Table 3.14 Sector-wise short-term and long-term measures based on the assessment
  • Conducting research in the field of agriculture so as to identify better strategies to adapt to climate change, for example determining crop mix that can resist the impacts of climate change in different parts/block of the state.

  • Establishing better meteorological stations that will help in dissemination of local weather information and provide forecast and disaster warnings to the farmers.

  • Long-term capacity building on climate change adaptation will play an important role in coping up and adapting to climate variability.

  • Review of state procurement policies to incorporate measures for purchase of alternate crops that are grown in the drought-prone regions.

3.8 Conclusion

The main objective of this study was to identify climate change vulnerable watersheds and sub-watersheds along with the villages falling under the selected study area. This was done in order to attain knowledge and understanding on the contributing factors of vulnerability and to prioritize the area which needs immediate action for the agro-based households of the region.

The findings of the study are based on the LVI–IPCC approach, which reveals that Ur watershed is the most vulnerable out of the four watersheds.

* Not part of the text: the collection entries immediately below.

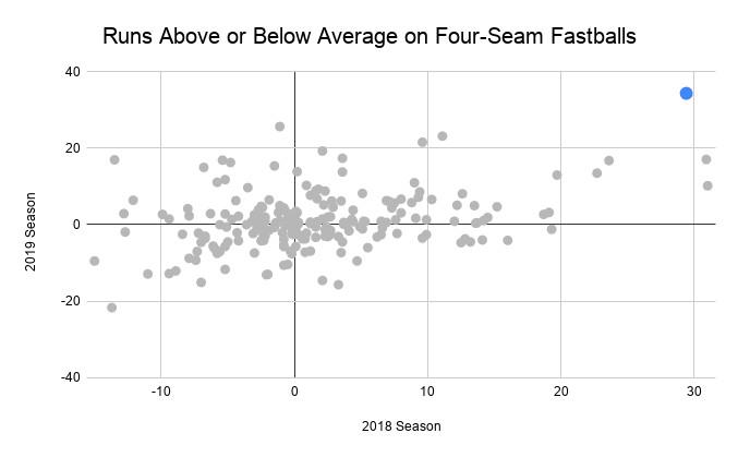 The most overpowering situation in baseball comes when a pitcher rears back and throws his best fastball and the batter can’t connect. Cole is thus the sport’s most overpowering pitcher, with a 97-mile-per-hour heater that features elite spin and induces more whiffs than any other starting pitcher’s fastball. This graph shows four-seam fastball success over the last two seasons for pitchers with at least 50 innings pitched in both campaigns, using FanGraphs’ pitch value calculations. Cole’s is the blue dot all alone in the upper-right corner.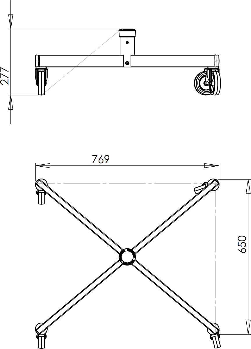 The T1B heavy duty single column base provides a 770x650mm footprint with 10cm rubber tyre castors to allow you to move your solution from room to room.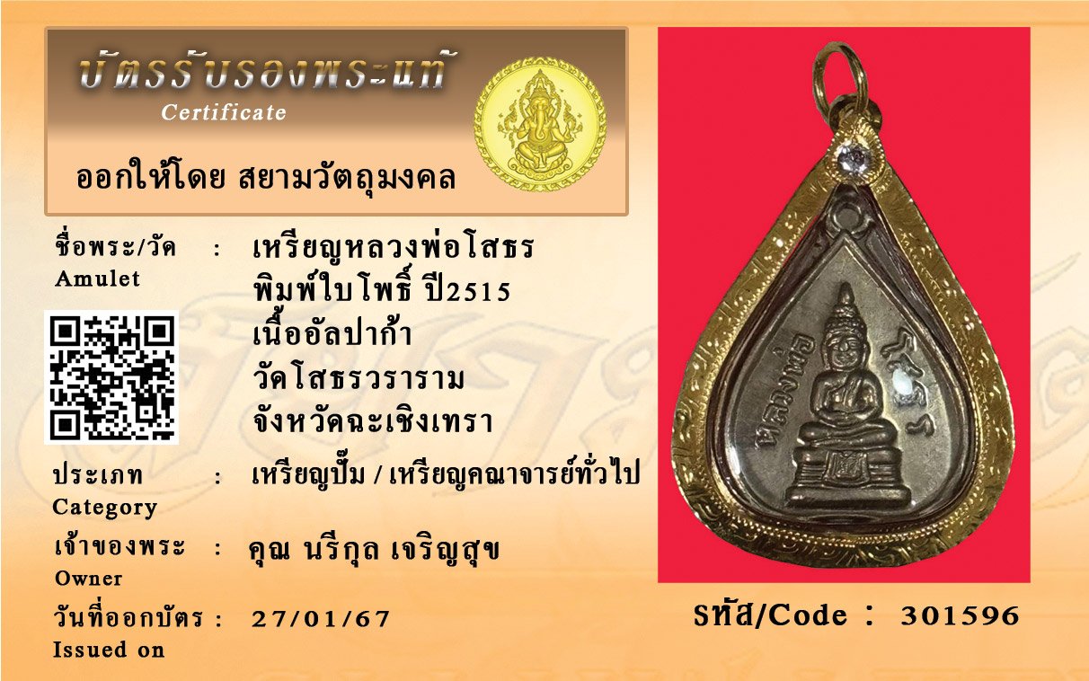 รหัสสินค้า : 301596 เหรียญหลวงพ่อโสธร พิมพ์ใบโพธิ์ ปี2515 เนื้ออัลปาก้า วัดโสธรวราราม จังหวัดฉะเชิงเทรา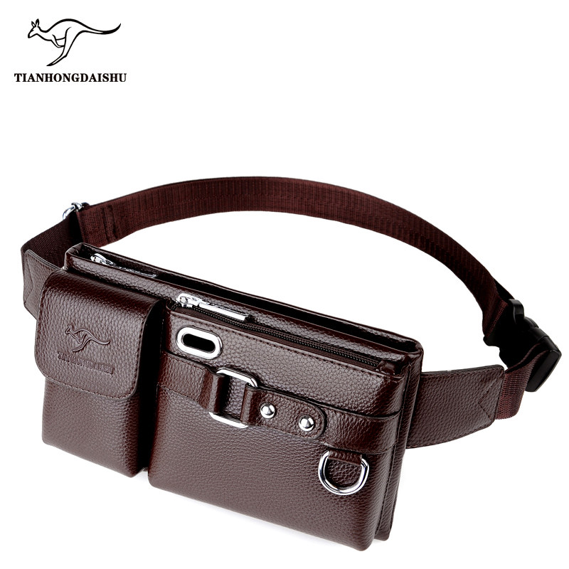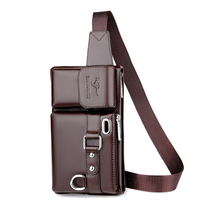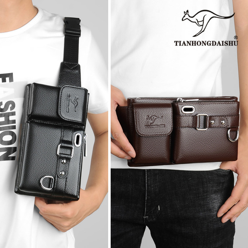 淘宝帅桐袋鼠男士腰包牛皮多功能手机包男真皮新款休闲胸包单肩斜挎包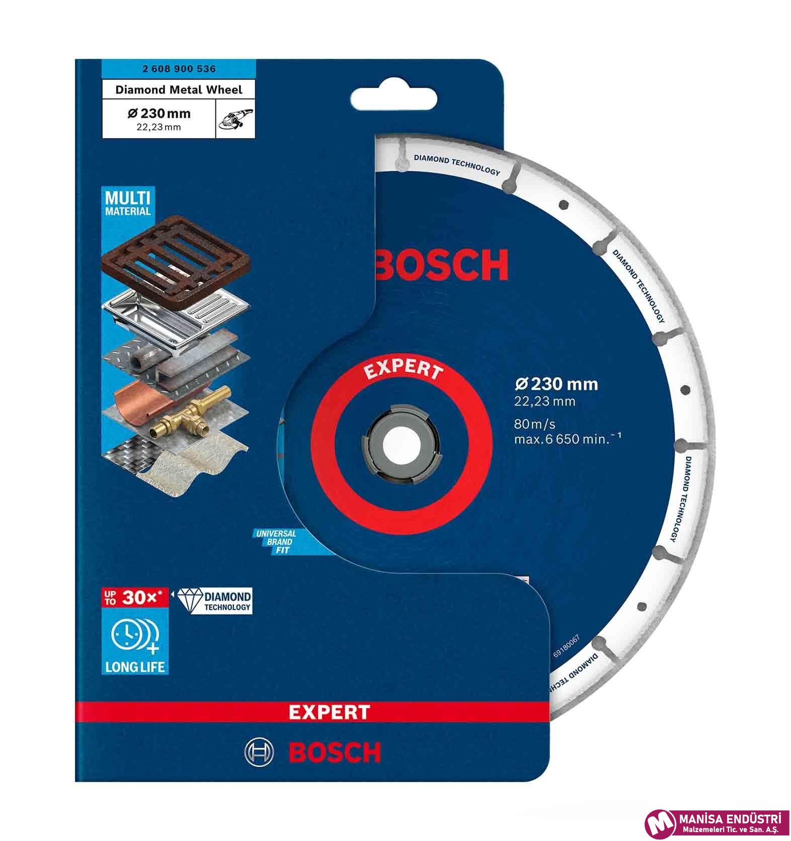 Bosch EXPERT DMW 230 mm Metal Kesme Diski, yüksek hassasiyetli ve uzun ömürlü elmas kaplamasıyla metal kesme işlemlerinde üstün performans sunar.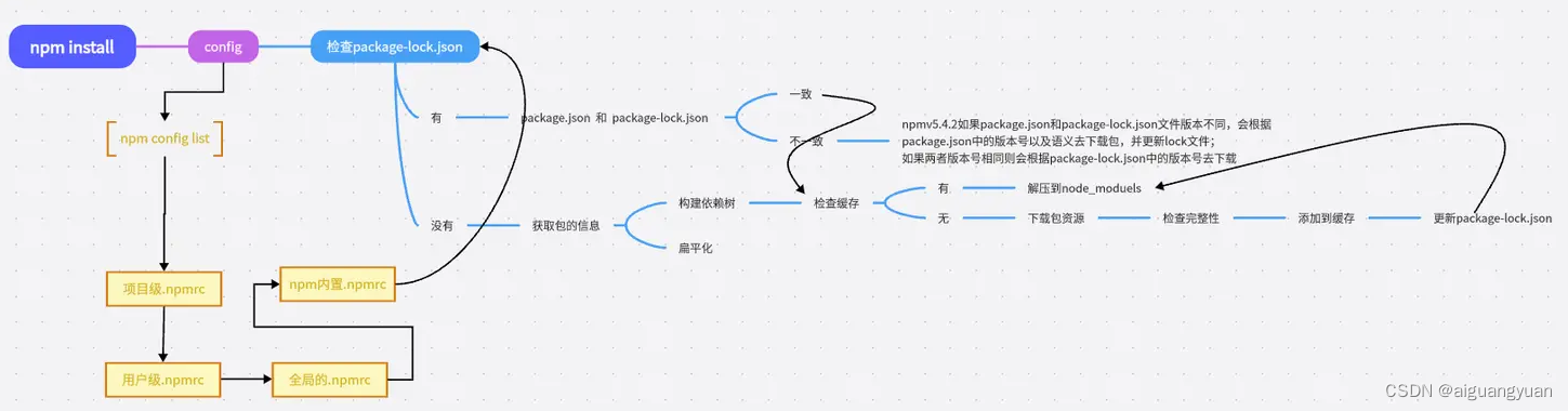 1、npm install 执行之后,首先,检查并获取 npm 配置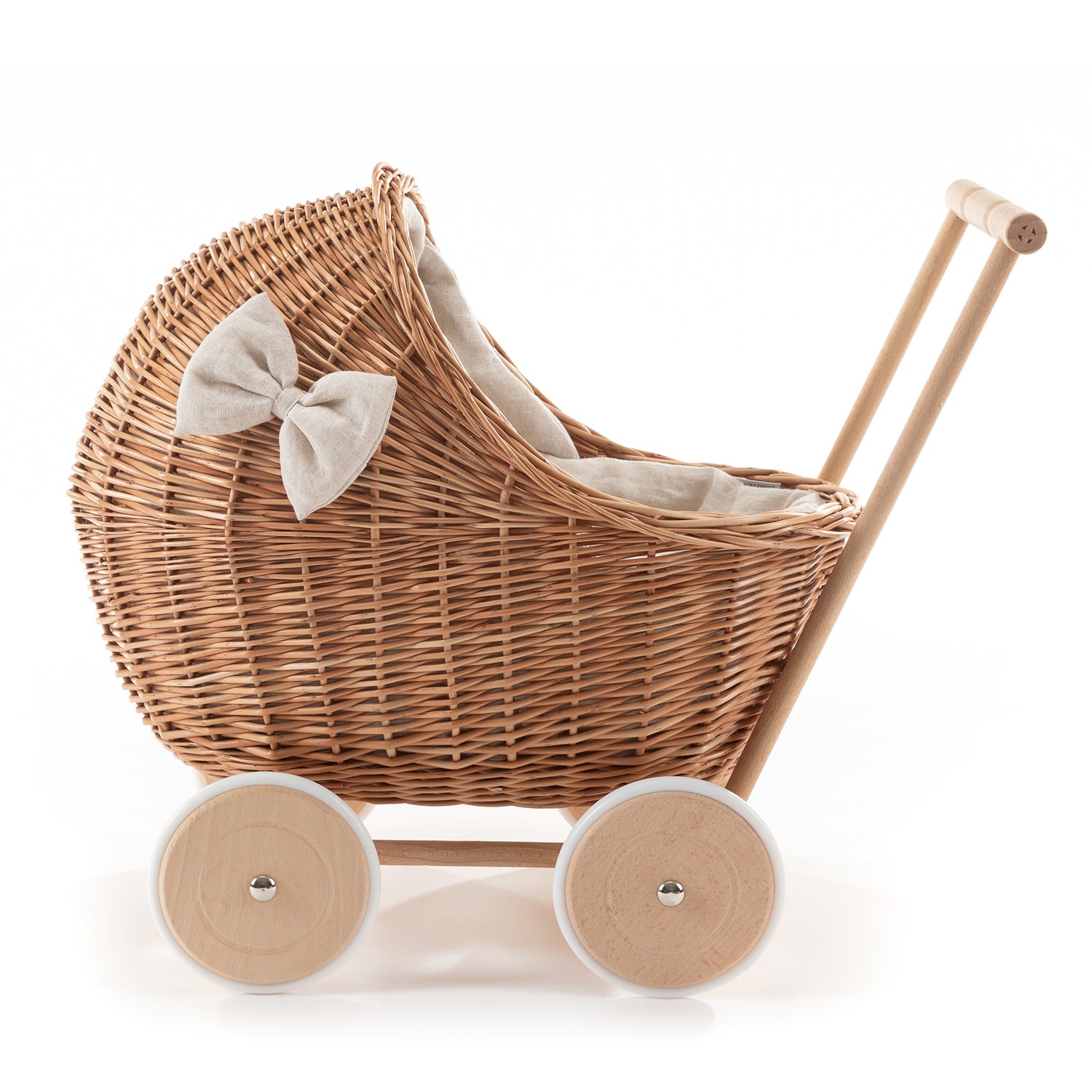 Wiklinowy wózek dla lalek zachwyca naturalnym odcieniem plecionki i dopracowanym, równym splotem. Wnętrze wyściełano miękkim, białym lnem, który tworzy przytulne gniazdko dla ulubionej lalki lub misia. W komplecie jest dopasowana lniana poduszka i kołderka z subtelną falbanką. Całość oparto na drewnianym stelażu z wygodną rączką i czterema kołami.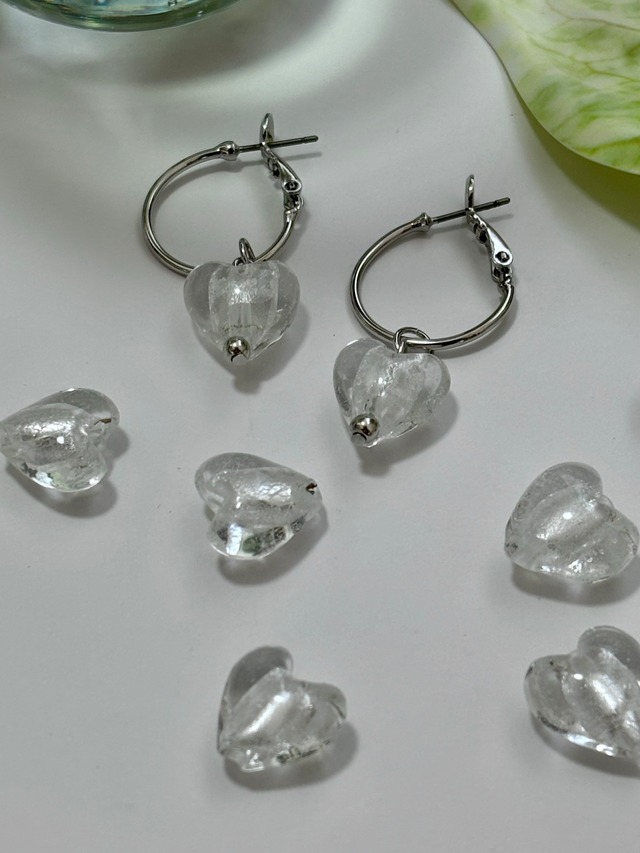 透き通るガラス素材で仕上げられた小ぶりなハートです。 シンプルながらも、その透明感が一際目を引き、あなたのスタイルに優雅さをプラスしてくれます。 取り外しもできるので、シンプルなフープのみでお使い頂けます! 素材:ガラス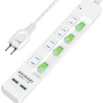 Siblingの1m電源タップは、1400W、6個口のコンセントと2つのUSB-Aポート(3.4A)を備えています。個別スイッチで節電、180°スイングプラグ、ほこり防止機能、雷ガード付き。PSE認証済みで、オフィスや自宅に最適です。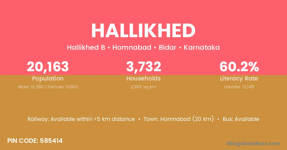 Homnabad (20 km) is the nearest town to Hallikhed village for major economic activities and is located approximately 20 km away.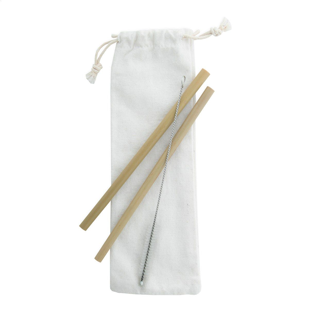 Sada 2 opakovaně použitelných přírodních bambusových brček a čistícího kartáčku v bavlněném pouzdře. Průměr a povrch brček se může lišit.
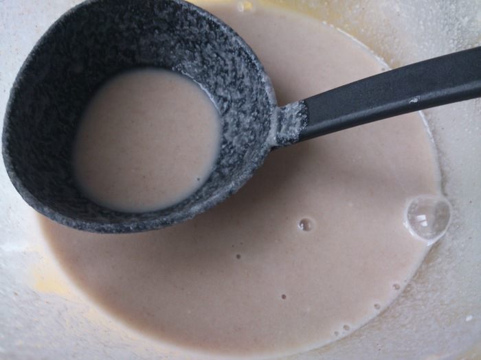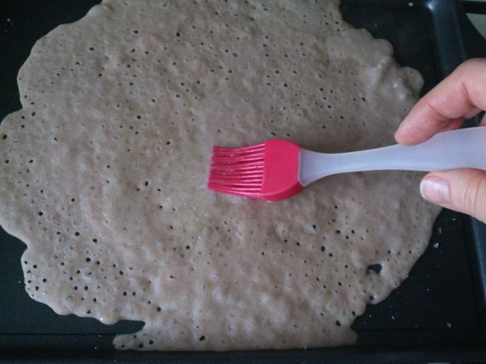 Сковороду хорошо разогреть, смазать немного растительным маслом. Налить тесто и распределить по поверхности.

The difference in the vulnerability arises because of differences in the watershed’s sensitivity, adaptive capacity and exposure to disaster and climate change. The agro-based households of the region are majorly exposed to extreme climate change, rising temperature and decreasing rainfall leading to occurrence of successive droughts. Some of the other reasons leading to high vulnerability of the regions are dependence on rain-fed agriculture which is highly sensitive to climate change, increasing pressure on natural resources, acute water shortage, over-extraction of groundwater, lack of infrastructure facilities, extreme poverty and high-scale migration from villages to towns. Based on the vulnerability assessment, the findings and the suggested adaptive strategies would enable the villagers of Bundelkhand to better adapt to the impacts of the climate change and enable government and local bodies to develop programmes and take initiatives to strengthen the most vulnerable villages.